__INSTRUCTIONS FOR THE TASK__
Restate word for word the entries below, starting at the line with "Visit Proof |" and ending at the line with "お客様にとっての「ちょうど良". Keep both end lines and omit the pictures.

__AVAILABLE DATA__
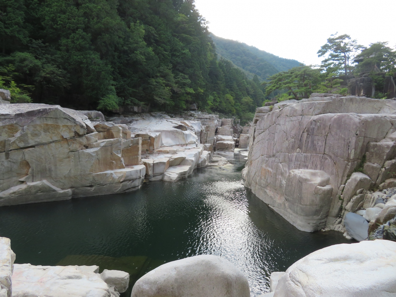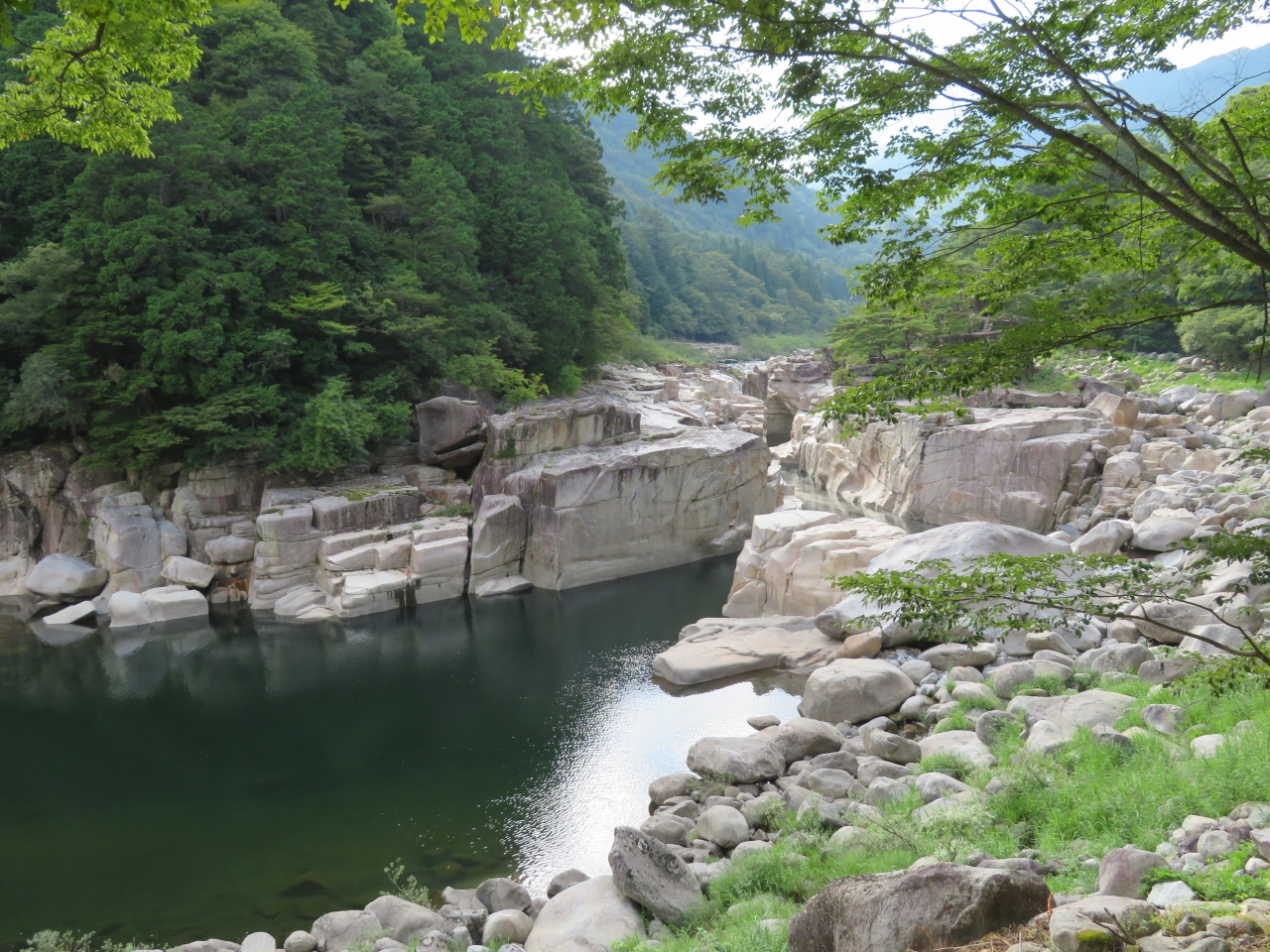 木曽川が花崗岩を削ってできた、大きなサイコロ状の岩が転がる渓谷美の美しい場所です。
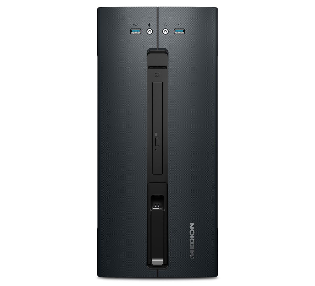 Als Besonderheit kann der Medion Akoya P66088 einen Hot-Swap-Festplattenwechselrahmen auf der Front vorweisen. Zudem sitzt vorne auch noch ein DVD-Brenner und der aktuelle WLAN 6-Standard wird unterstützt.
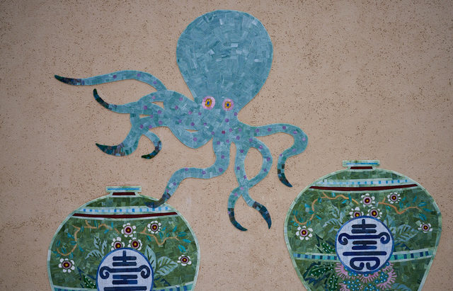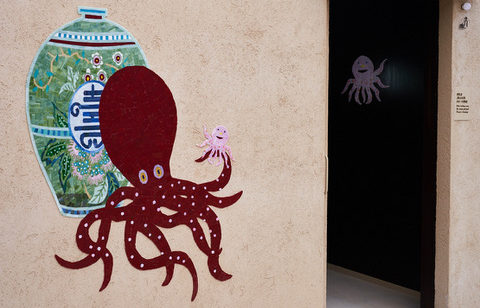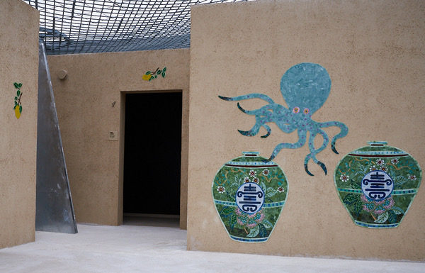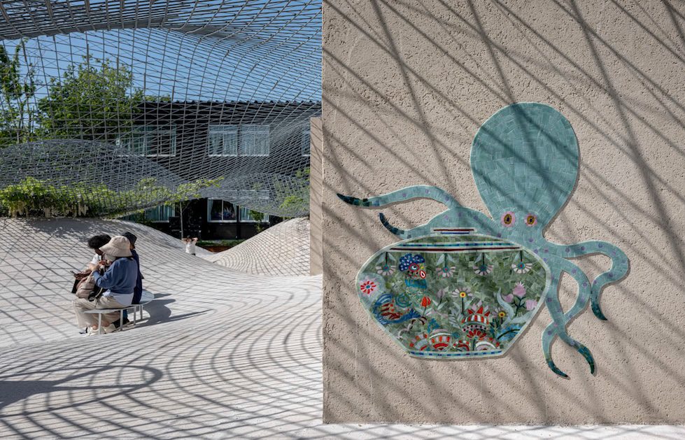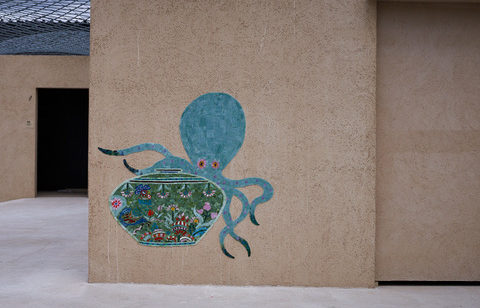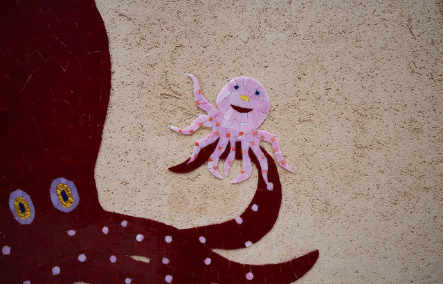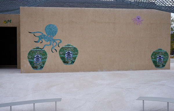 祈祷室や授乳室、クーリンクルームなどもあるエリアなので、裏の授乳室は授乳室が一目で探しやすいように、又中の赤ちゃんが眺めるものがあるように、ここだけ中にもモザイクを作らせて頂きました。
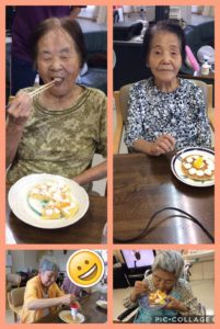 利用者様ひとりひとり、ホイップクリームとフルーツで飾り付けをしていただきました❗ それぞれ、利用者様の個性が光っていましたょ😊👍
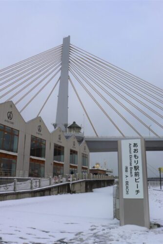 - 青森駅近くの斜張橋で青森港の貨物運搬の渋滞緩和を目的に造られた
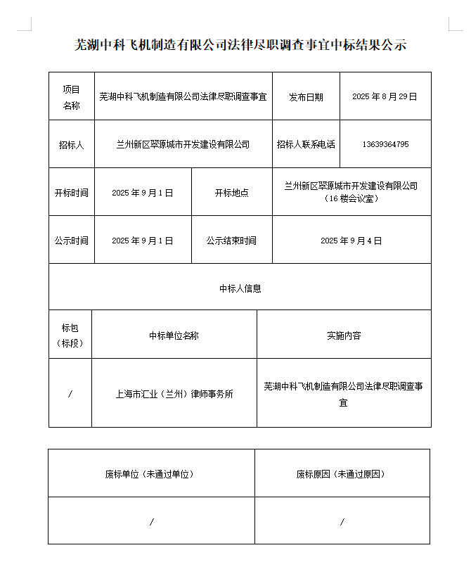 芜湖中科飞机制造有限公司尽职调查事宜中标结果公示
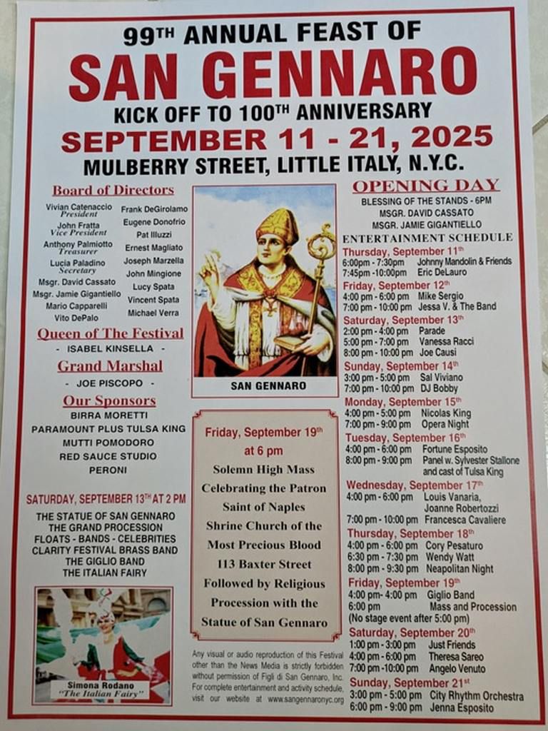 Da domani e per 11 giorni a New York, segnatamente a Little Italy, si festeggia…
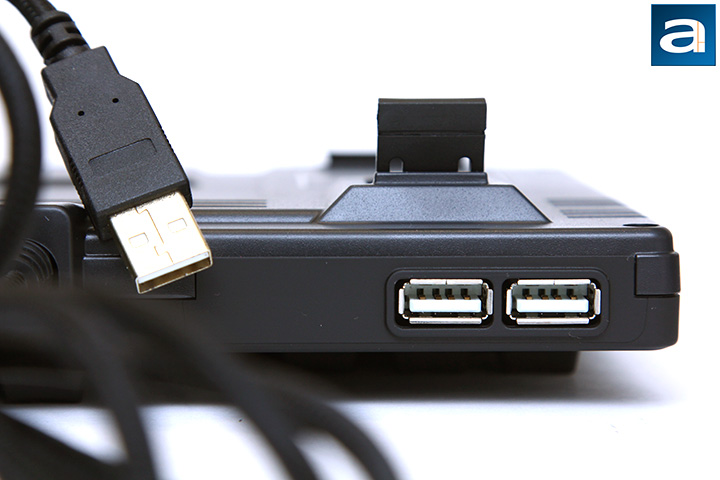 At the back of the Fnatic Gear Rush G1 is the USB cable lead out. It comes out biased to the right, and is not detachable. This nicely braided cable extends 1.8m in length to connect to your computer via a gold plated USB connector. Two USB 2.0 ports are present at the back. When we bring about the question of whether gold plated connectors are actually useful or not, let us just say if it was the actual pins, then possibly -- since gold offers better conductivity than other metals. This theoretically establishes a better connection with your computer, but on a digital signal level, we must understand it is a discrete one or zero; so if anyone tells you they can tell the difference, you can definitely defeat their theory with a double blinded test. Additionally, if you are referring to the gold part of the connector you see on the plug, I would like to point out it actually does not make any physical contact electrically with your computer. In other words, it is nice to have, and it is pretty to look at, but it is not anything significant on a practical level.
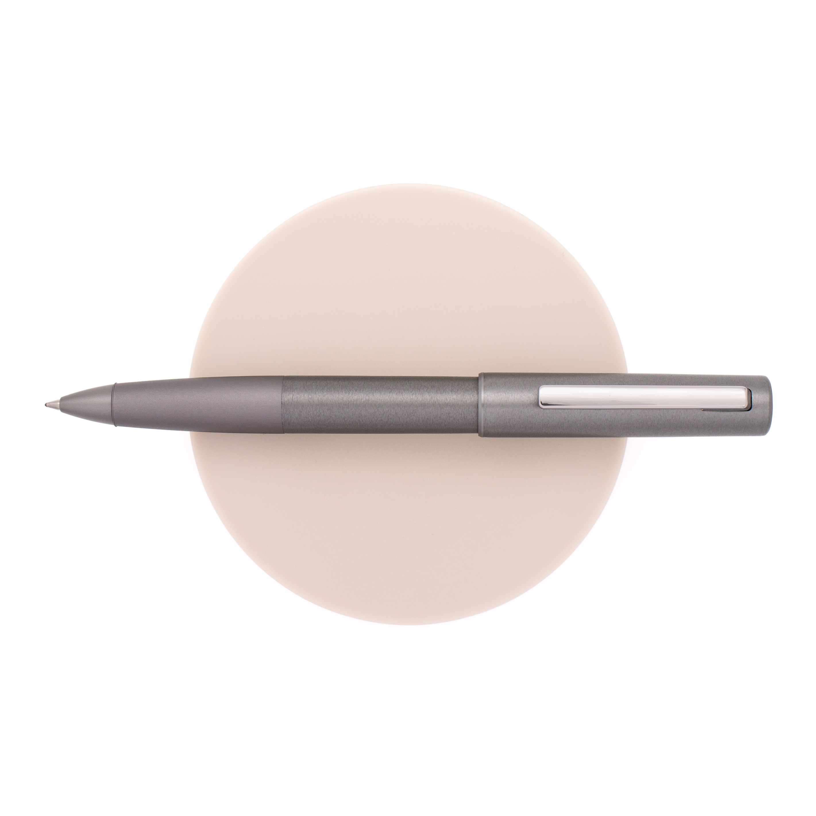 Rollerball pen in graphite anodized aluminum with brushed steel clip. Smooth, fluid writing and modern design by Jasper Morrison. Compatible with LAMY M63 refills.
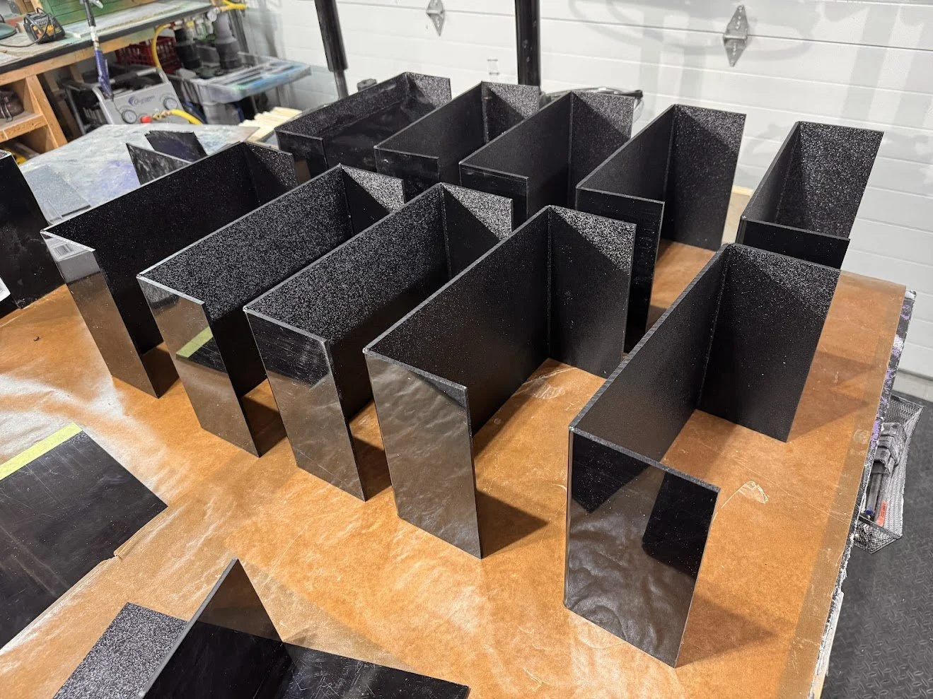 The units were constructed primarily from 4.5 mm black ABS plastic sheets. Each component was CNC cut to size and bent using an acrylic plastic heat machine, which allowed for clean, uniform bends with predictable angles.
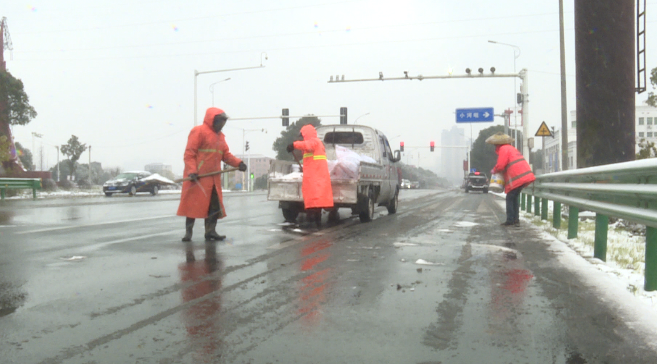 沅江市交通运输、城管执法等部门单位闻雪而动,迅速安排工作人员,来到桥梁、码头等重点交通路段,开展撒盐、铺设麻袋等工作,保证车辆和人员的出行安全。
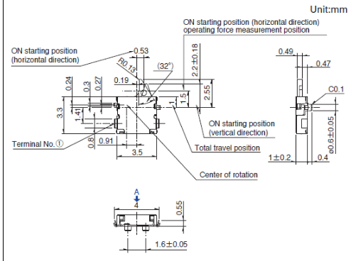 3.5x3.3x1mm 小型雙向動作型 有常開與常閉兩種回路。
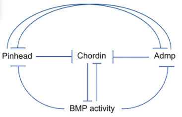 Dans la blastula de poisson zèbre, les membres de la sous-famille BMP, BMP2b, BMP4, BMP7a et Spinhead sont exprimés dans la face ventrale. BMP4 n’est pas nécessaire pour le développement ventral, tandis que les trois autres membres BMP sont essentiels pour un développement correct de l’axe DV. La signalisation de la β-caténine et la signalisation nodale (Ndr1 / Ndr2) agissent ensemble pour activer l’expression des antagonistes à BMP comme chordine et noggin dans la marge dorsale, ce qui empêche les ligands BMP d’agir du côté dorsal. La signalisation FGF réprime l’expression des gènes BMP et augmente l’expression de Chordine et de Noggin. Admp et BMP2b sont également exprimés dans la marge dorsale, neutralisant ainsi les Chordine et Noggin locaux (Xue et al., 2014; Yan et al., 2019). On se retrouve avec un système avec de multiples régulations croisées qui permet d’apporter de la robustesse à cette étape cruciale du développement.
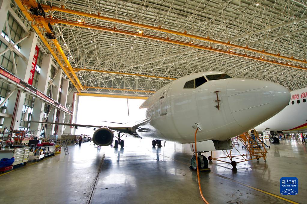 3月31日,在海南自貿港一站式飛機維修產(chǎn)業(yè)基地內,進(jìn)境飛機接受飛機發(fā)動(dòng)機、應急設備等多項檢修項目。
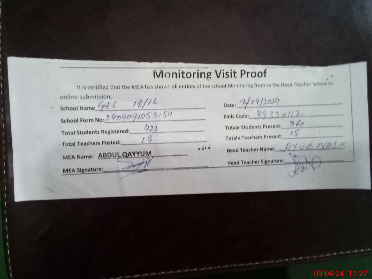 | Attendance Register | Head Teacher | MEA with School | Visit Proof |
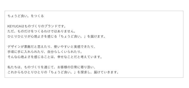 お客様にとっての「ちょうど良い。をつくる」ブランドとして、ものづくりを通して、日々の暮らしを心地よいものにしていきます。
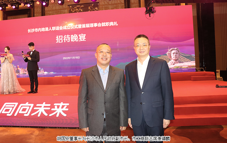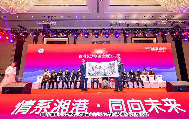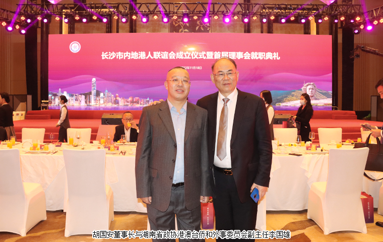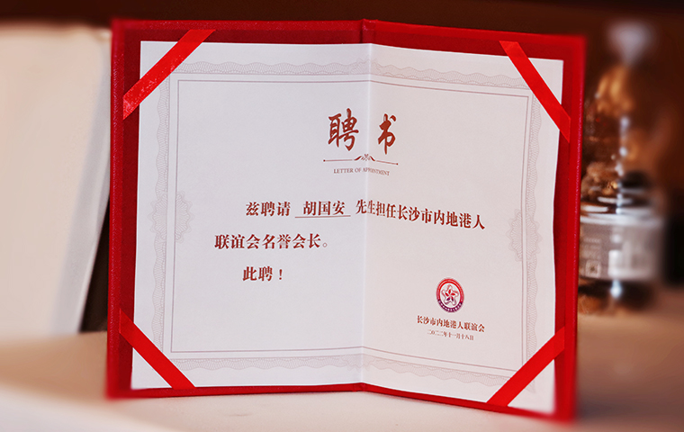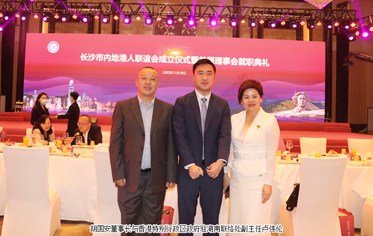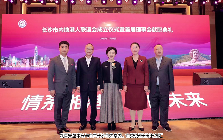 2022 年 11 月 18 日,長(zhǎng)沙市內(nèi)地港人聯(lián)誼會(huì)成立儀式暨首屆理事會(huì)就職典禮舉行。中共湖南省委統(tǒng)戰(zhàn)部副部長(zhǎng)、省社會(huì)主義學(xué)院黨組書(shū)記丁學(xué)新,湖南省政協(xié)港澳臺(tái)僑和外事委員會(huì)副主任李國(guó)雄,中共長(zhǎng)沙市委常委、市委統(tǒng)戰(zhàn)部部長(zhǎng)劉匯,長(zhǎng)沙市人民政府副市長(zhǎng)、市工商聯(lián)主席康鎮(zhèn)麟,長(zhǎng)沙市政協(xié)副主席、黨組成員劉金文,中共長(zhǎng)沙市雨花區(qū)委書(shū)記劉素月,香港特別行政區(qū)政府駐湖南聯(lián)絡(luò)處副主任盧偉倫等領(lǐng)導(dǎo)出席活動(dòng)。湖南省政協(xié)委員、湖南省慈善總會(huì)副會(huì)長(zhǎng)、香港長(zhǎng)沙聯(lián)誼會(huì)名譽(yù)會(huì)長(zhǎng)(代理會(huì)長(zhǎng))、香港長(zhǎng)沙商會(huì)常務(wù)副會(huì)長(zhǎng),長(zhǎng)沙市海外聯(lián)誼會(huì)常務(wù)副會(huì)長(zhǎng),綠之韻集團(tuán)董事長(zhǎng)胡國(guó)安先生受邀擔(dān)任活動(dòng)主禮嘉賓并受聘為長(zhǎng)沙市內(nèi)地港人聯(lián)誼會(huì)名譽(yù)會(huì)長(zhǎng)。

__SOLUTION TO THIS PROBLEM__
 | Attendance Register | Head Teacher | MEA with School | Visit Proof |
 お客様にとっての「ちょうど良い。をつくる」ブランドとして、ものづくりを通して、日々の暮らしを心地よいものにしていきます。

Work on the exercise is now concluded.